Dataset records
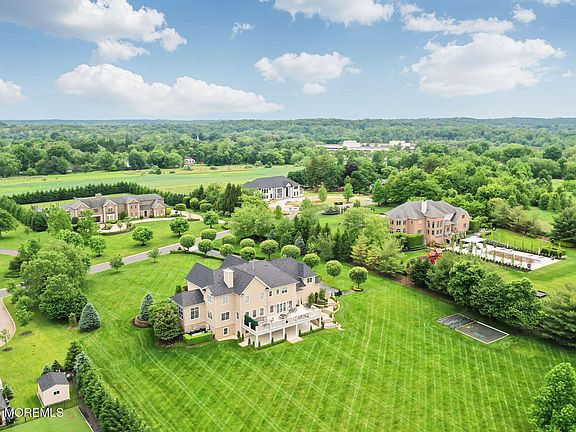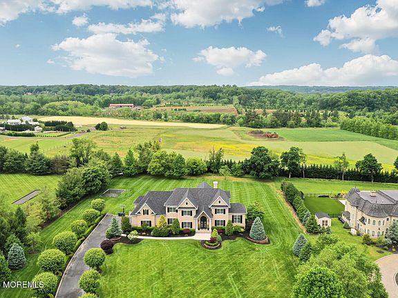 Welcome to 10 Hop Brook Lane, Holmdel - Where Luxury Meets Lifestyle. Set on approximately 2.5 private acres that back up to the serene Fox Hollow Vineyards, this magnificent estate offers over 12,000 sq ft of meticulously renovated living space across three stunning levels. With 6 bedrooms (including a first-floor guest suite), 5 full and 1 half baths, and 10-foot ceilings on first floor and 9 foot on 2nd, this home effortlessly blends grandeur with comfort. The heart of the home is a state-of-the-art gourmet kitchen an entertainer's dream featuring 2 full-sized refrigerators, a built-in coffee maker, ice maker, stainless steel appliances, custom granite countertops, and a sleek glass backsplash. Upstairs, you'll find 5 spacious bedrooms, each thoughtfully designed for comfort and and privacy. The primary suite is a luxurious retreat with spa-inspired features. The walk-out lower level spans approx. 4,200 sq ft and is fully finished with a movie theater, gym, recreation space, and a bar area, all leading to a covered lower patio perfect for year-round enjoyment. Step outside to an upper patio with a built-in grill, sink, and a 7,000 BTU gas fire pit all overlooking your picturesque backyard oasis. The only thing left is to design your dream pool. Surrounded by multi-million-dollar estates, this is a rare opportunity to own one of Holmdel's finest homes completely reimagined and rebuilt within the last 5 years. Luxury, privacy, and unforgettable entertaining spaces await you.
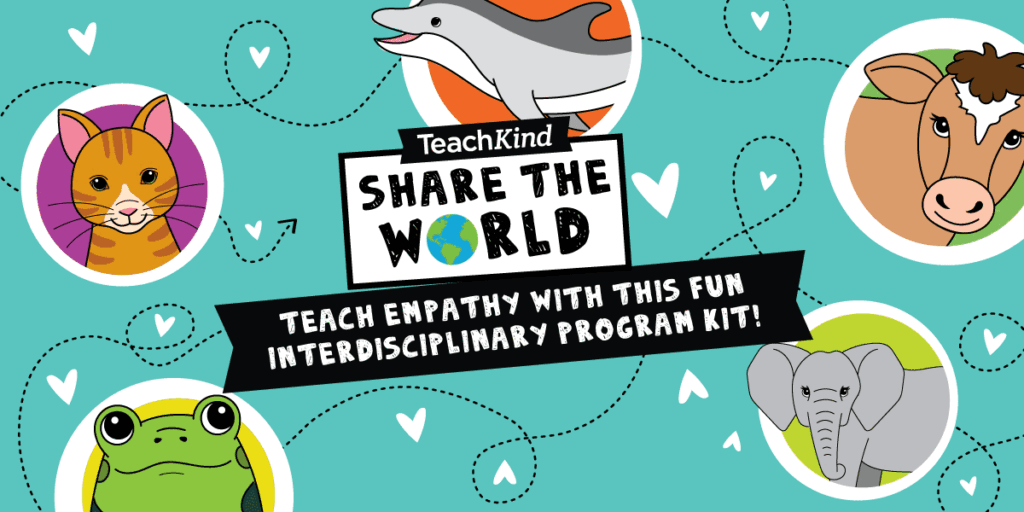 Share the World is an all-inclusive program kit, perfect for teaching elementary school students the Golden Rule and the importance of compassion and empathy. Each pack includes a 23-minute video featuring age-appropriate information about animals, coloring sheets, an anti-bullying poster, and teacher’s guides—plus in-depth lesson plans targeted to students in grades K-2 and 3-5. The best part is that like all TeachKind materials, Share the World is completely free. Order yours today!
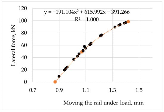 Thus, knowing the type of rolling stock with the corresponding axle load, and by measuring the rail movement, it was possible to determine the lateral forces acting on the rail from the wheels of the rolling stock, and to establish the parameters of the stress–strain state of the track elements using the equations of approximation and linear interpolation.
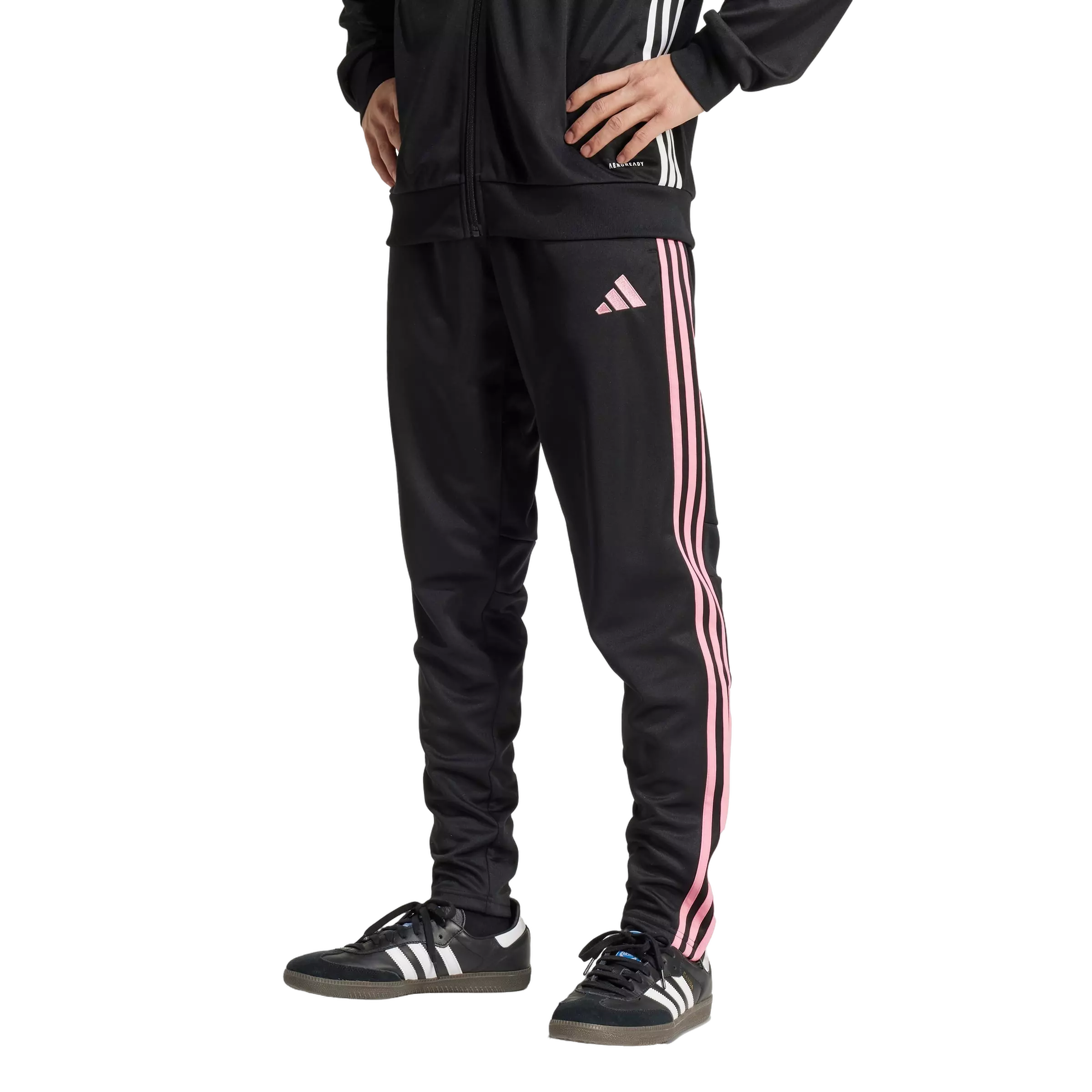 Bring your beautiful game everywhere you go in the adidas Men's Tiro 25 Essentials Training Tracksuit Bottoms -Black/Pink. Inspired by classic soccer training gear, they pair a sporty look with a smooth, comfortable feel in bold black and pink. Moisture-managing AEROREADY helps keep you dry when the pace picks up.
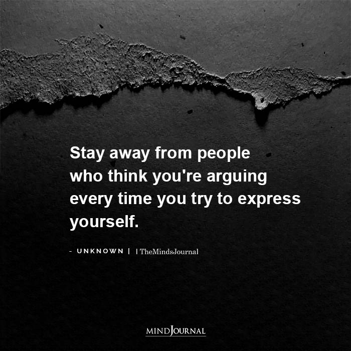 Stay away from people who think you’re arguing every time you try to express yourself.
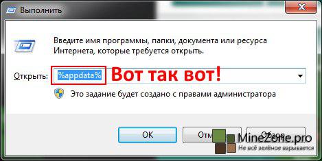 1. Для этого нажимаем win+R, в появившемся окошке будет поле, туда вбиваем %appdata%, жмякаем открыть.
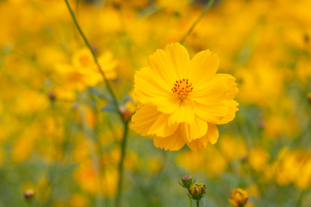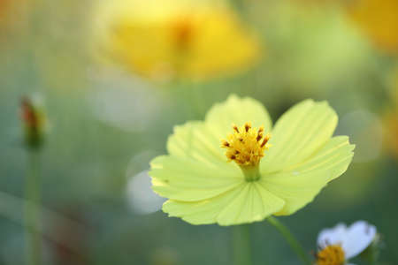 Yellow cosmos flower in the garden,soft focus and shallow DOF.
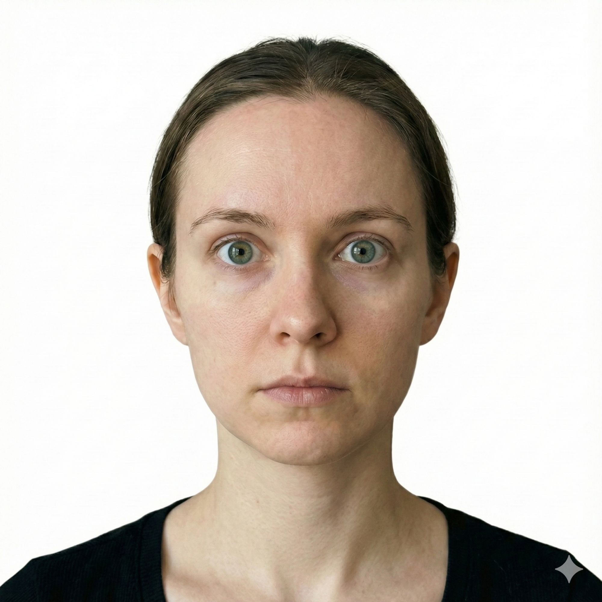 A clinical, 100% compliant US Visa biometric photograph of the subject from the uploaded image. CRITICAL US GOVERNMENT STANDARDS: 1. **Subject:** [100% identical facial features as uploaded image]. Subject must be facing the camera directly (Full Face View). Expression must be neutral (no smiling), eyes open and clearly visible. Entire head, including hair and chin, must be visible. 2. **Attire:** Professional or daily wear. NO uniforms, NO camouflage, NO hats, NO headphones, NO glasses (Critical: Eyes must be unobstructed). 3. **Lighting:** Perfect, even illumination. Absolutely NO shadows on the face, eye sockets, or background. No glare on skin. 4. **Background:** Pure, seamless, bright white background. No patterns, no shadows. 5. **Composition:** The head must be centered. The head height (chin to top of hair) should fill 50% to 69% of the total image height. Eye height must be between 56% and 69% from the bottom. 6. **Quality:** High resolution, sharp focus, no retouching that alters features. In-Context Branding: None. Strict official document style. --ar 1:1
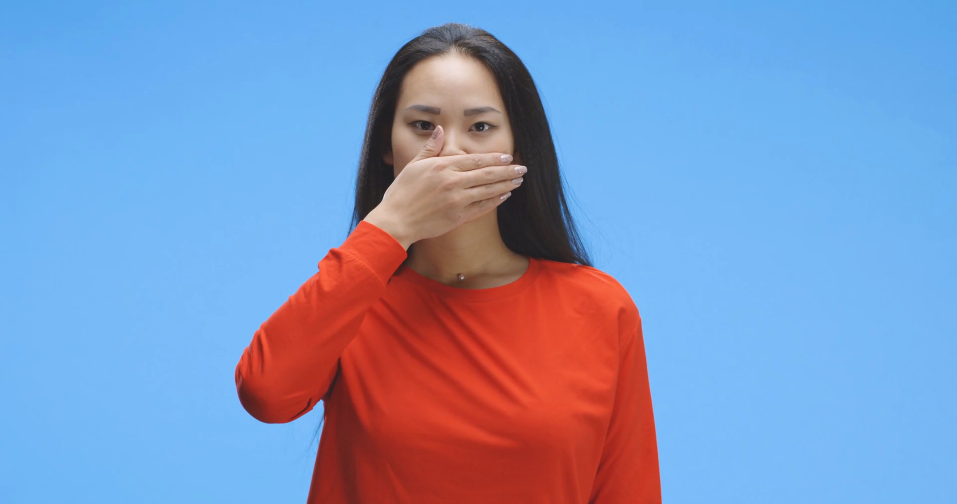 Young Woman Silencing Herself Against Blue BackgroundÂ
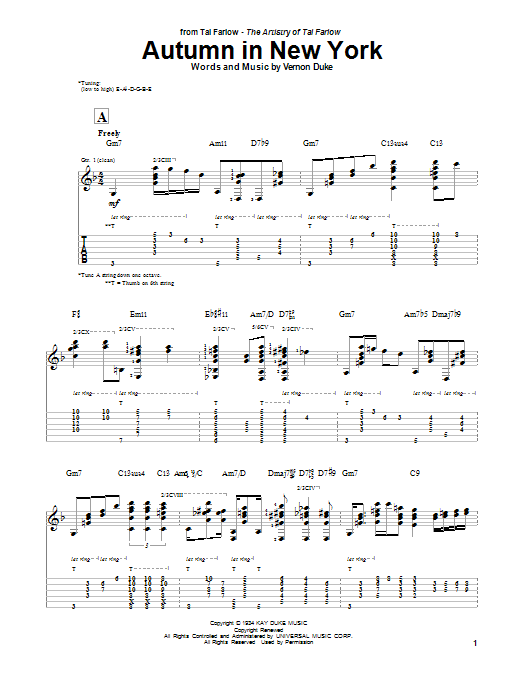 Download or print Tal Farlow Autumn In New York sheet music, chords and digital score arranged for Guitar Tab. This Jazz score includes 9 page(s).
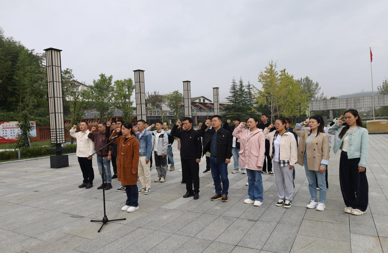 在息烽集中营革命历史纪念馆广场,全体人员列队肃立,敬献花篮。党委书记李佩带领全体党员在鲜红的党旗下,高举右拳,重温入党誓词。

TASK PROMPT. Would you copy the lines above exactly, starting with the one that has "Stay away from" and ending with the one that has "Yellow cosmos flower", both included, without the pictures?

ANSWER AREA.
 Stay away from people who think you’re arguing every time you try to express yourself.
 1. Для этого нажимаем win+R, в появившемся окошке будет поле, туда вбиваем %appdata%, жмякаем открыть.
 Yellow cosmos flower in the garden,soft focus and shallow DOF.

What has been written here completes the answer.